DB: Serendipity has a lot to do with it. There’s no formula or recipe I follow. More often than not, I’d say the germ for a poem begins with something very particular or quite peculiar – if the tradesman’s mantra is location, location, location, then the poet’s version might be details, details, details. I’m an omnivorous reader by nature, and a literary packrat by design: I guess I’d describe my method, such as it is, as a cross between armchair archeology and plain old intellectual curiosity. I love fossicking about in eclectic archival ephemera – things like medieval bestiaries and illuminated manuscripts, explorer’s journals and captain’s logs, field guides and technical manuals, daguerreotypes and antiquarian maps – and ferreting out images and ideas that might be the grit for a pearl. My primary source for “Thumbnail Sketch of the Tulipmania,” for example, was this fantastically eccentric compendium called Extraordinary Popular Delusions and the Madness of Crowds, written by a not-so eminent Victorian named Charles Mackay. Titles like that snare me like flypaper. Frequently what gets my juices flowing is some quirky or bewitching piece of language: there are poems here occasioned by a Puritan epitaph, an obituary headline for a monastic beekeeper, the etymology of the Venus flytrap, the legendary mapinguari (the South American cousin of the yeti), devices like the funicular and the zoopraxiscope, an old term for ship’s fever called “calenture,” weird wordy stuff like that. Those Anglo-Saxon poets I mentioned earlier thought of the language of poetry as their “word-hoard,” and often enough what kindles a poem for me is some strange or obscure scrap of the mother tongue that gets under my skin.
AH: In certain poems, such as “Falcon Channel,” you seem to write close to the reality of the situation, in this poem, the birds on screen and the act of watching television. What sparked my curiosity, or in other words, what makes it a wonder, was the sense of how other-worldly this mundane experience can be. But in “Shades of Alexandria” the poem is largely imagined, and the wonder here seems to exist in all the possible characters a place might have held, in other words, anything that remains an unknown about the lost library. How would you describe the differences (obvious ones aside) between what drew you to these subjects, and how and why each have this particular balance of fact and fiction? Do you think, as the first poem is written about a far more modern subject, there are more facts available, and therefore they are less fanciful than “Alexandria”?

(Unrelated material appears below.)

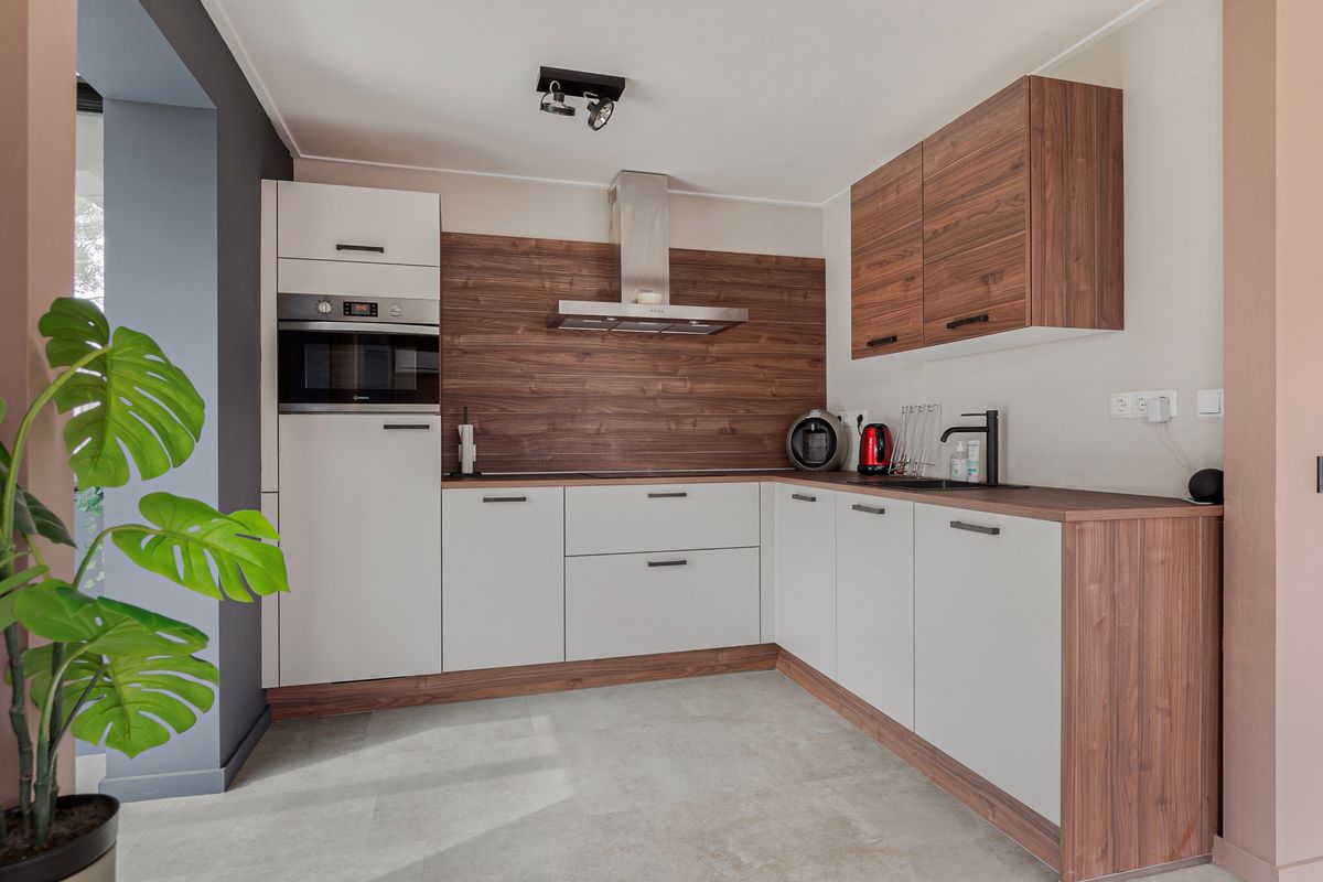 De moderne open keuken heeft een L-opstelling. De inrichting bestaat uit een 4-pits inductie kookplaat, RVS afzuigkap, combi-oven, koelkast en vaatwasmachine.
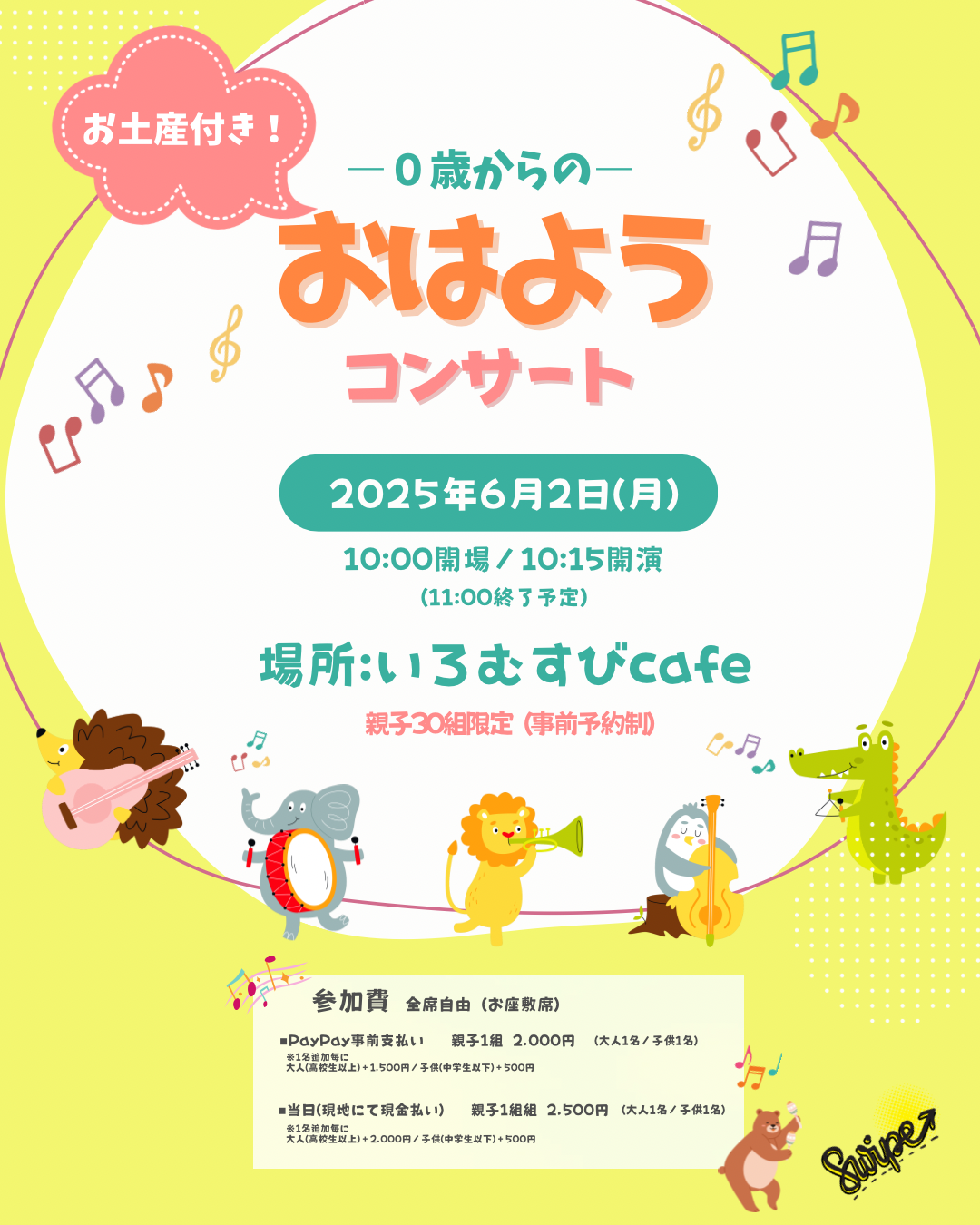 周りを気にすることなく、気軽に参加出来ますのでお子さまのコンサートデビューに最適です✨

DB: Well, like I said before, I seem to be drawn to the crossroads between fact and fancy, those realms of perception where empirical evidence leaves off and wild surmise begins. Or you might call it a subjunctive state of mind: reflecting on what might transpire, or what we wish were true. It’s my general feeling that a good deal of what goes on in our heads—our consciousness and perhaps our sense of conscience to—is inescapably subjunctive anyway, whether we like it or not. I do happen to like it. I think it’s the lifeblood of poetry. What we know, or what we think we know, has a lot to do with the stories we tell ourselves about experience and emotion, piecing things together into some sort of provisional narrative coherence. That’s why myths and fables are so powerful: they give emblematic expression to the inner workings of our hearts and minds by transforming them into storylines. And lyric poems can do that too, through instilling thought and feeling with figurative and metaphorical resonance. There’s a passage in Aristotle’s Poetics where he asserts that poetry is a superior art to history because historians only tell us what happened whereas poets tell us what might or could happen.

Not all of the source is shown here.